The layering structure analysis has the potential to be useful because it analyses an aspect of the data that is indicative of the history of turbulent mixing, not just the mixing that is occurring at the time of the profiling. Ways in which it might be useful are (1) to provide measures of longer term averages of KZ than current methods of analysing microstructure profilers provide; or (2) to provide alternative estimates of the efficiency of turbulent mixing (i.e., the value of Rf, and thus of Γ) that can be used to triangulate values provided by other methods. To test the first of these, an additional method of measuring the long-term average KZ is required—for example the temperature diffusion method of [21] or the very similar dye diffusion method used by, for example [38], against which values of D and its scale-specific versions can be assessed. Neither of these were available in this study, so this suggestion remains as a proposal for further study. However, for the sake of providing an indication of what KZ values this method might provide, the relationships between D and KZ in Figure 12 are noted. To test (2), and further investigate the extent to which the fractal dimension parameters introduced here can be used to indicate mixing efficiency, requires comparison with results from numerical modelling [13,23].

5. Conclusions

The thermal microstructure profiles analysed in this study show the behaviour expected in terms of stratification structure, turbulent mixing activity and vertical variation in the thermal diffusivity coefficient, KZ. While the values of KZ calculated using two different methods—Batchelor curve fitting to the temperature gradient spectrum; and calculation directly from measurements of N and LT using the equation of [19] based on the parameterization of KZ of [20]—show good agreement in many cases, they also differ strongly in other cases. Given that the Batchelor curve fitting method is very well established and its accuracy has been demonstrated in many previous studies of small lakes, it is recommended that the Thorpe-scale method, whilst attractive for its simplicity and directness, is only used to calculate KZ values above the thermocline and during the strongly stratified period in mid to late summer in lakes such as those studied here.
The novel analysis of the layering structure and its pseudo-spectra presented here shows that they have some properties that are consistent across the datasets used here, and other properties that vary consistently with other parameters. Values of the parameter D—the slope of the pseudo-spectrum—vary most consistently with the buoyancy frequency, especially DF, the fine-scale specific version of D.
The main limitation of the findings presented here is that, at present, the novel parameter derived, D, has no clear practical use. To address this, it is suggested that D, and its scale-specific variants DF, DI and DC, as defined here, may be useful in two ways: firstly, to provide measures of longer term averages of KZ than current methods of analysing microstructure profilers provide; and secondly, to provide alternative estimates of the efficiency of turbulent mixing that can be used to triangulate values provided by other methods. Testing of the ability of these parameters to be of use in these ways requires further work involving field measurements of time-integrated values of KZ (using, for example dye or thermal diffusion methods) and numerical modelling of turbulent mixing using, for example, DNS methods [13,23].

Funding

This research was funded by the UK Natural Environment Research Council, grant numbers NE/F00995X/1 and NE/G010498/1.

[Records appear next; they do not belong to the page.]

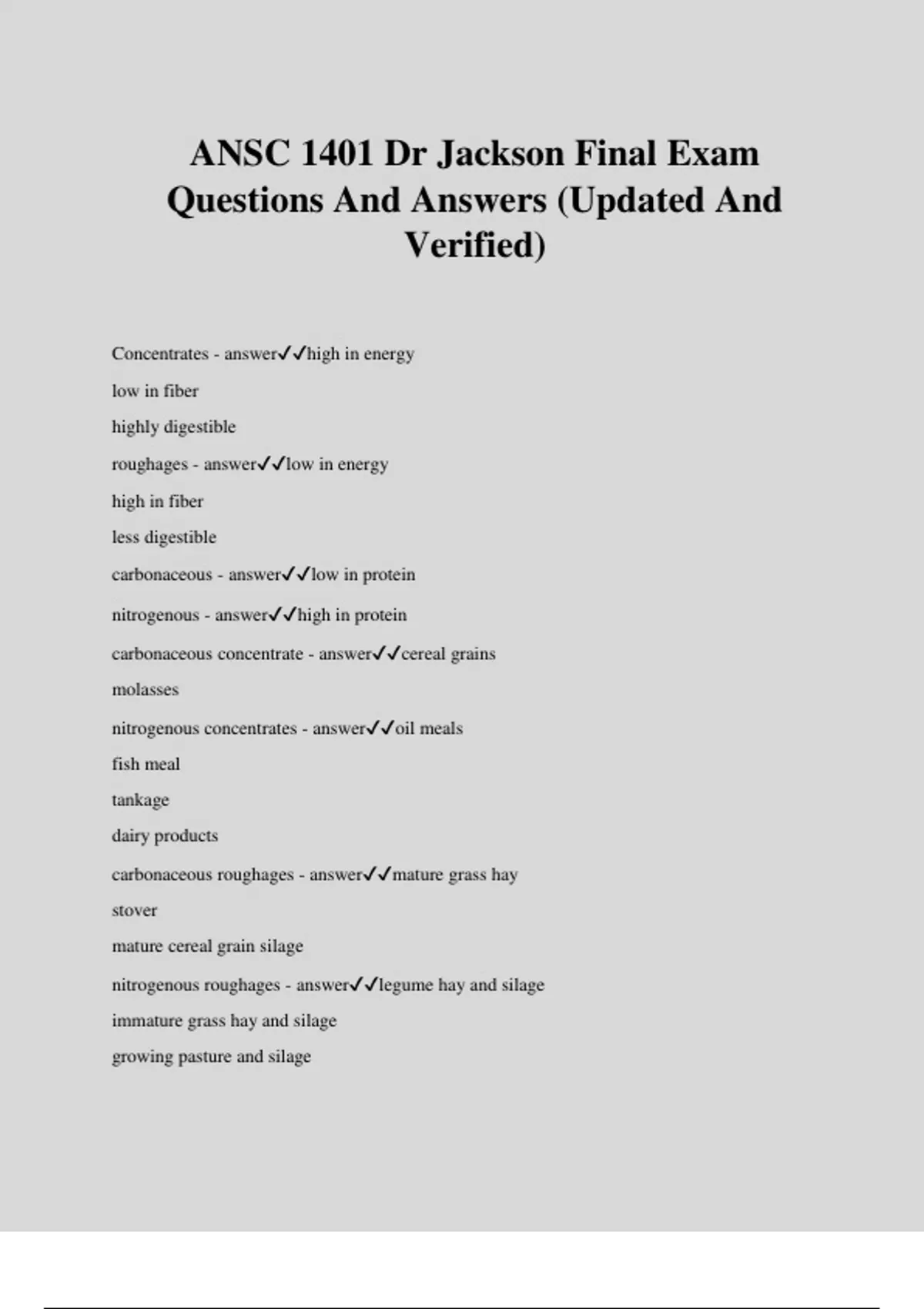 ANSC 1401 Dr Jackson Final Exam Questions And Answers (Updated And Verified) Concentrates - answerhigh in energy low in fiber highly digestible roughages - answerlow in energy high in fiber less digestible carbonaceous - answerlow in protein nitrogenous - answerhigh in protein carbonaceous concentrate - answercereal grains molasses nitrogenous concentrates - answeroil meals fish meal tankage dairy products carbonaceous roughages - answermature grass hay stover mature cereal grain silage nitrogenous roughages - answerlegume hay and silage immature grass hay and silage growing pasture and silage nutrients - answerchemical substances in either mineral or compound form that are absorbed from the digestive tract into the blood and that function in metabolism of the body water - answercheapest and most abundant nutrient water sources - answerdrinking ingested metabolic water function - answertransport of nutrients and excretions chemical reactions and solvent properties body temperature regulation maintenance of shape of body cells lubrication and cushioning of joints and organs proteins - answercomposed of 22 amino acids protein structure - answeramino acids-peptide-polypeptide-protein essential amino acids - answermust be supplied in diet because body cannot synthesize them fast enough MATT HILL VP methionine, arginine, threonine, tryptophan, histidine, isoleucine, leucine, lysine, valine, phenylalanine nonessential amino acids - answeressential to the animal but they can be synthesized by the body to meet the needs protein function - answerbasic structural unit of animal body body metabolism energy source photosynthesis - answerproduces CHOs 6CO2+6H2O+637 calories from sunlight--chlorophyll-- C6H12O6+6O2 monosaccharides - answerC6H12O6 one sugar molecule glucose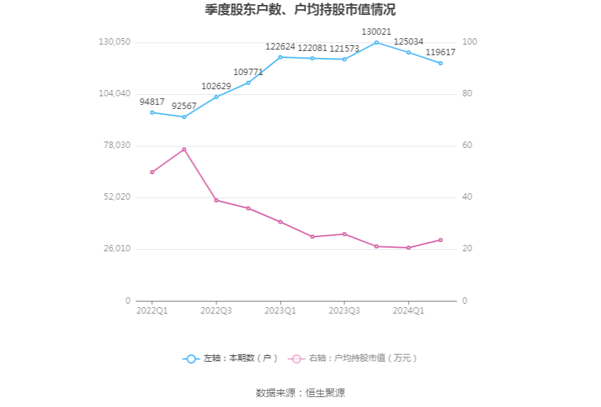 筹码集中度方面,截至2024年上半年末,公司股东总户数为11.96万户,较一季度末下降了5417户,降幅4.33%;户均持股市值由一季度末的20.64万元上升至23.62万元,增幅为14.44%。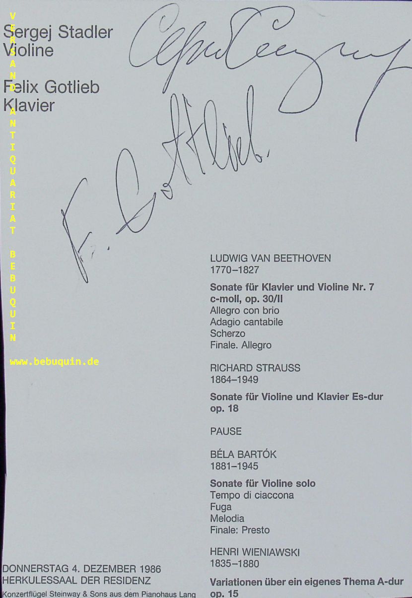 STADLER, Sergej (Violinist) + GOTLIEB, Felix (Klavier): eigenhändig von beiden signierte Programmseite. München (Philharmonie), 4.12.1986. 19,5 x 13 cm. 1 Bl. Sergei Stadler is a Russian violinist and conductor. He is currently Artistic Director and Chief Conductor of the Saint Petersburg Symphony Orchestra. (Wikipedia)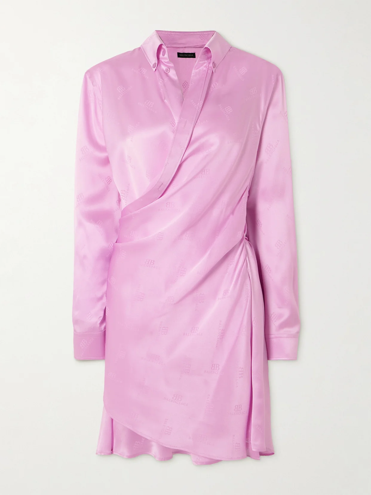 Under the right light, Balenciaga's name flashes in stripes across this mini dress. It's made from logo-woven jacquard silk in a draped wrap silhouette. The beaming pink is a real mood-lifter.

Institutional Review Board Statement

Not applicable.

Informed Consent Statement

Not applicable.

Data Availability Statement

The data presented in this study are openly available in Pure at https://www.research.lancs.ac.uk/portal/en/datasets/search.html. (accessed on 26 September 2021).

Acknowledgments

I am grateful to Fanghua Li, Rebecca Messham and Eleanor Mackay for their roles in the data collection fieldwork, and to Ian Jones and Joshua Arnott for useful discussions about the data and its analysis.

Conflicts of Interest

The author declares no conflict of interest.

References

  1. Caulfield, C.P. Layering, Instabilities, and Mixing in Turbulent Stratified Flows. Ann. Rev. Fluid Mech. 2021, 53, 113–145. [Google Scholar] [CrossRef]
  2. Roget, E.; Lozovatsky, I.D.; Sanchez, X.; Figueroa, M. Microstructure measurements in natural waters: Methodology and applications. Prog. Oceanogr. 2006, 70, 126–148. [Google Scholar] [CrossRef]
  3. MacIntyre, S. Vertical mixing in a shallow, eutrophic lake: Possible consequences for the light climate of phytoplankton. Limnol. Oceanogr. 1993, 38, 798–817. [Google Scholar] [CrossRef]
  4. Piera, J.; Quesada, R.; Catalan, J. Estimation of nonlocal turbulent mixing parameters derived from microstructure profiles. J. Mar. Res. 2006, 64, 123–145. [Google Scholar] [CrossRef]
  5. Goto, Y.; Yasuda, I.; Nagasawa, M. Comparison of Turbulence Intensity from CTD-Attached and Free-Fall Microstructure Profilers. J. Atmos. Ocean. Tech. 2018, 35, 147–162. [Google Scholar] [CrossRef]
  6. Wuest, A. ALorke Small-scale hydrodynamics in lakes. Ann. Rev. Fluid Mech. 2003, 35, 373–412. [Google Scholar] [CrossRef]
  7. Fine, E.C.; Alford, M.H.; MacKinnon, J.A.; Mickett, J.B. Microstructure Mixing Observations and Finescale Parameterizations in the Beaufort Sea. J. Phys. Oceanogr. 2021, 51, 19–35. [Google Scholar] [CrossRef]
  8. Guo, S.-X.; Cen, X.-R.; Qu, L.; Lu, Y.-Z.; Huang, P.-Q.; Zhou, S.-Q. Quantifying Flow Speeds by Using Microstructure Shear and Temperature Spectral Analysis. J. Atmos. Ocean. Tech. 2021, 38, 645–656. [Google Scholar] [CrossRef]
  9. Le Boyer, A.; Alford, M.H.; Couto, N.; Goldin, M.; Lastuka, S.; Goheen, S.; Nguyen, S.; Lucas, A.J.; Hennon, T.D. Modular, Flexible, Low-Cost Microstructure Measurements: The Epsilometer. J. Atmos. Ocean. Tech. 2021, 38, 657–668. [Google Scholar] [CrossRef]
  10. Thorpe, S.A. Turbulence and mixing in a Scottish loch. Phil. Trans. Roy. Soc. A 1997, 286, 125–181. [Google Scholar] [CrossRef]
  11. Brainerd, K.E.; Gregg, M.C. Surface mixed and mixing layer depths. Deep-Sea Res. Part I 1995, 42, 1521–1543. [Google Scholar] [CrossRef]
  12. Moum, J.N. Energy-containing scales of turbulence in the ocean thermocline. J. Geophys. Res. 1996, 101, 14095–14109. [Google Scholar] [CrossRef]
  13. Smyth, W.D.; Moum, J.N.; Caldwell, D.R. The Efficiency of Mixing in Turbulent Patches: Inferences from Direct Simulations and Microstructure Observations. J. Phys. Oceanogr. 2001, 31, 1969–1992. [Google Scholar] [CrossRef]
  14. Thomson, R.E.; Fine, I.I. Estimating mixed layer depth from Oceanic Profile Data. J. Atmos. Ocean. Tech. 2003, 20, 319–329. [Google Scholar] [CrossRef]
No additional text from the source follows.